During his years in the U.S. House and as governor, there was nothing lukewarm about Strickland’s support of gun rights. As a House member from Lucasville in 1994, he voted against a ban on the production and sale of 19 semi-automatic assault weapons, calling it a “misdirected effort aimed at law-abiding citizens.”

By contrast, Gov. John Kasich, then a U.S. Representative from Westerville, supported the ban. Strickland’s 2010 commercial highlighted that vote and said Kasich wants to “take away your gun rights.” (Kasich no longer supports an assault weapons ban.)

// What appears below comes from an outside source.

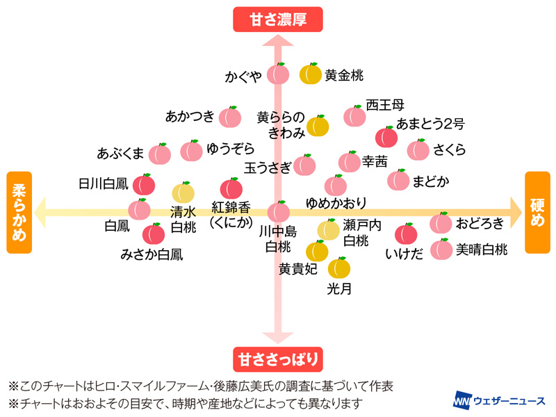 あなたは硬い派?柔らかい派? 好みの桃が一目でわかる“桃チャート”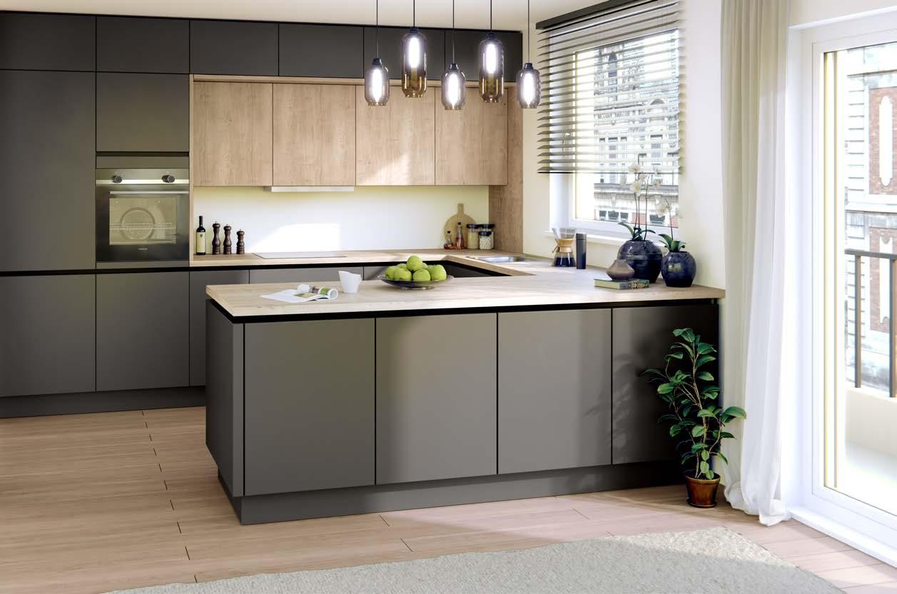 Eilandkeuken • nobilia Easytouch LineN / Structura LineN ca. 300 / 183 x 110 cm, front: laklaminaat, grafietzwart ultramat / eiken Sierra imitatie, werkblad: eiken Sierra imitatie / Venatio Nero imitatie.

In 1993, Strickland joined 68 other House Democrats in voting against the Brady Bill, which required a waiting period before anyone could buy a handgun as well as creation of an instant criminal background check before people could buy any kind of gun.

Strickland’s new position angered some of his past supporters.

“We endorsed him for governor in 2010,” said Jim Irvine, president of the Buckeye Firearms Association. “But since then he has kind of really fallen off into all sorts of nonsense on this issue.”

“I can’t imagine that somebody who knows what he knows (on gun laws) can take the positions he is,” Irvine said. “He is absolutely wrong and he should know he’s wrong.”